In the records below, the relevant part opens with the line containing "참치도 체에 밭쳐 기름을" and closes with the line containing "Ornamented with a"; print that part exactly and only, without its pictures.

EXERCISE INPUTS:
BEGIN
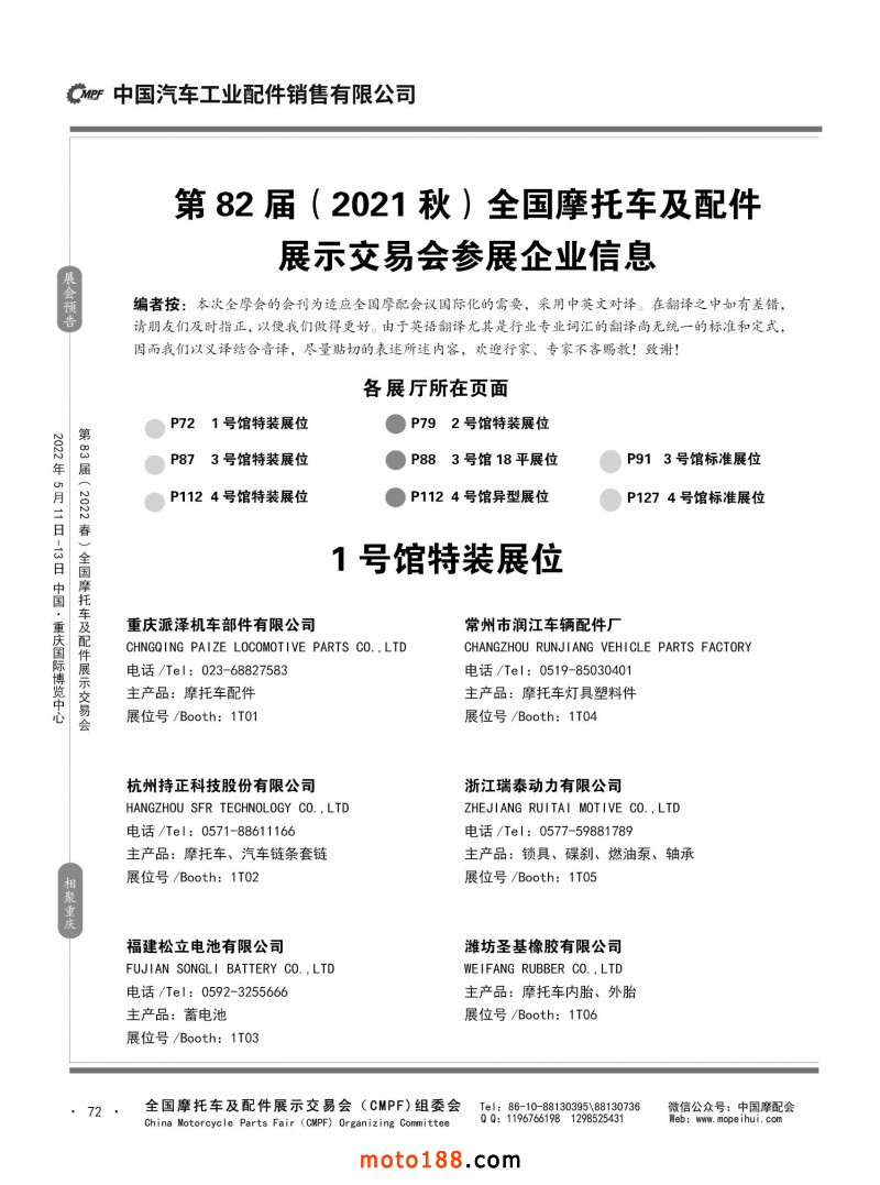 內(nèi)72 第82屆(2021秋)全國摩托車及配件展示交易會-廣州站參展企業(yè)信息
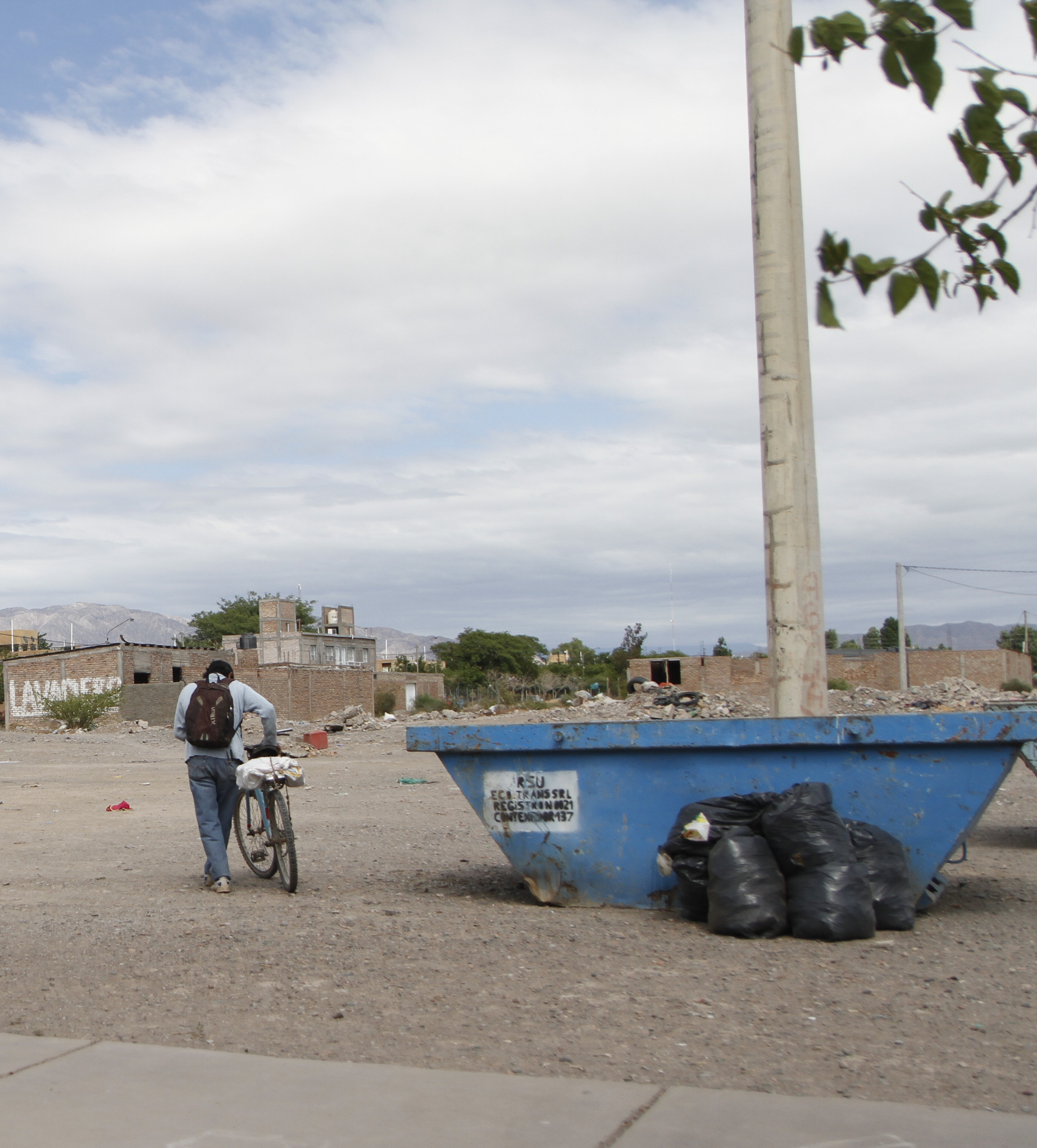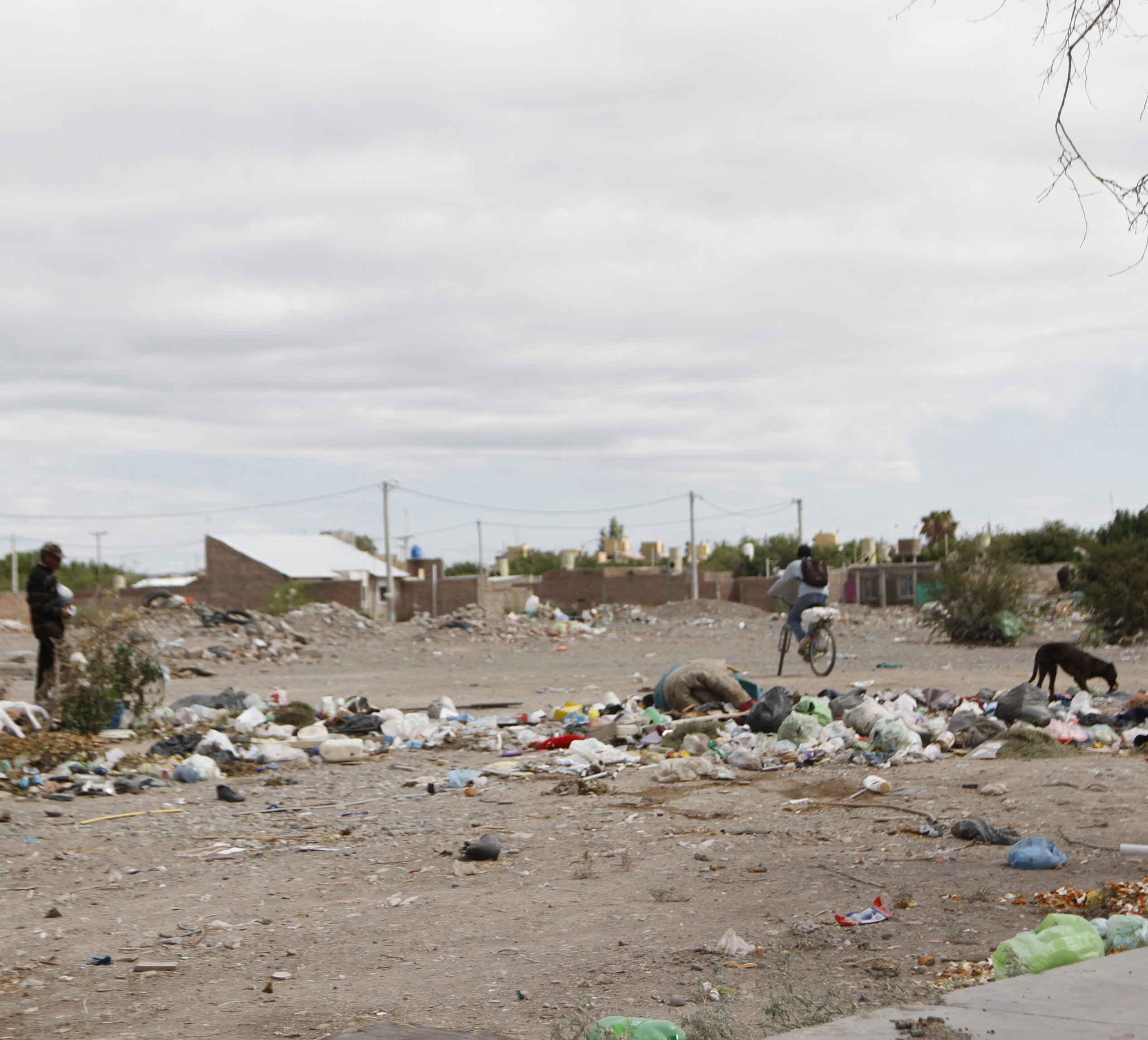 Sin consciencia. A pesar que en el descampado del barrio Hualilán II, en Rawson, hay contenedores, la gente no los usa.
END
BEGIN
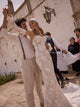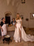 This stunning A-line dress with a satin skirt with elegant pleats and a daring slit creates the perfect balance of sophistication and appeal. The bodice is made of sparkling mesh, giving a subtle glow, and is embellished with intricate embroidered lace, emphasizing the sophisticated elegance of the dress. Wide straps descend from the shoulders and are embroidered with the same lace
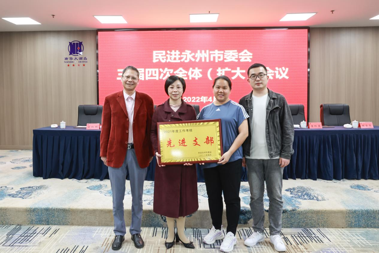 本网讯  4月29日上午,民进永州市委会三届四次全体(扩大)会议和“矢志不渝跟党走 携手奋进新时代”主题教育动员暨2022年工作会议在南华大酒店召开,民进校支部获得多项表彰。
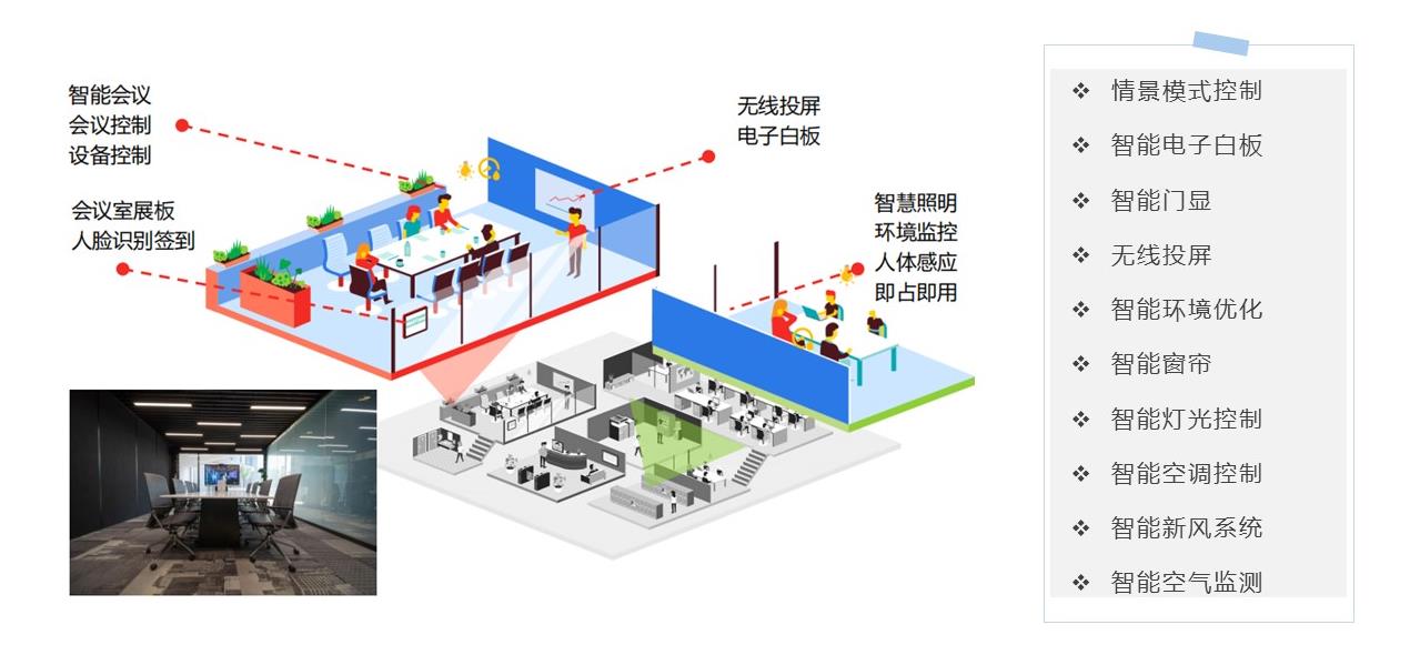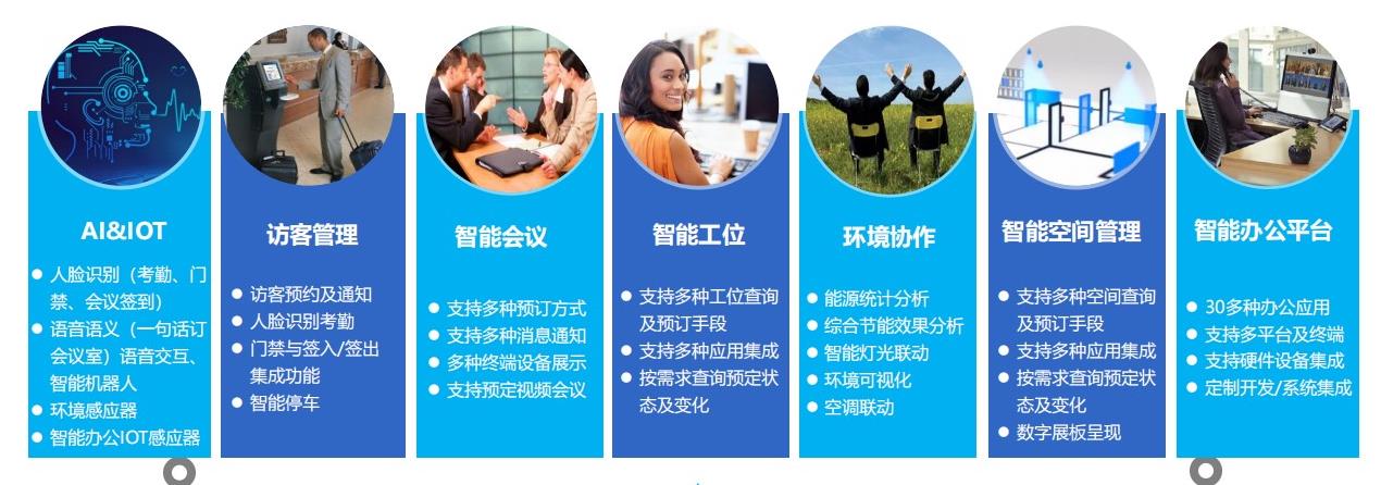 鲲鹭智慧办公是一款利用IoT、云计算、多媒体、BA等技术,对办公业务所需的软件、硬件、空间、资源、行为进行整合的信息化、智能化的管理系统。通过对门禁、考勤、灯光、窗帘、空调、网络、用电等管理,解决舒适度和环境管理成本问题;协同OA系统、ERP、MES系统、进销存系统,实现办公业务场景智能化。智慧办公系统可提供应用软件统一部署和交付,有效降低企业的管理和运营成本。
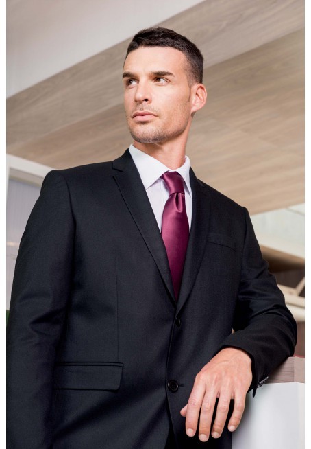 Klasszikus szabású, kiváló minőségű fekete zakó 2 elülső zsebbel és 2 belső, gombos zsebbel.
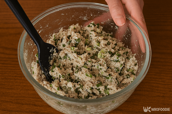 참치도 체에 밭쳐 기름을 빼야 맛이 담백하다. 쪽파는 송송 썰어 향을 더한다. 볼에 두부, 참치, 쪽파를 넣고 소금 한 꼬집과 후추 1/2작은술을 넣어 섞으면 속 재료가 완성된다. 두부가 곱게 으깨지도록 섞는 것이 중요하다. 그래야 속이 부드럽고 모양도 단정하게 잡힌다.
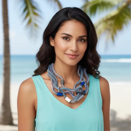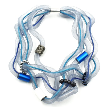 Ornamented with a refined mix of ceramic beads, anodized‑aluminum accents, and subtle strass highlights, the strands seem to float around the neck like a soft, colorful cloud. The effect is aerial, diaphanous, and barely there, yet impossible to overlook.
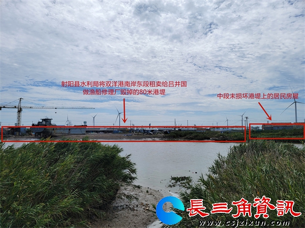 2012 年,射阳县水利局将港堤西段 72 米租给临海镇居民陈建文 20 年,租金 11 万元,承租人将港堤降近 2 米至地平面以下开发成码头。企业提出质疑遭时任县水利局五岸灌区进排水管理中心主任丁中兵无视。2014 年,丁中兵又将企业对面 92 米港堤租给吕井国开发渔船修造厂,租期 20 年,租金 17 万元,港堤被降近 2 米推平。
END
ANSWER:
 참치도 체에 밭쳐 기름을 빼야 맛이 담백하다. 쪽파는 송송 썰어 향을 더한다. 볼에 두부, 참치, 쪽파를 넣고 소금 한 꼬집과 후추 1/2작은술을 넣어 섞으면 속 재료가 완성된다. 두부가 곱게 으깨지도록 섞는 것이 중요하다. 그래야 속이 부드럽고 모양도 단정하게 잡힌다.
 Ornamented with a refined mix of ceramic beads, anodized‑aluminum accents, and subtle strass highlights, the strands seem to float around the neck like a soft, colorful cloud. The effect is aerial, diaphanous, and barely there, yet impossible to overlook.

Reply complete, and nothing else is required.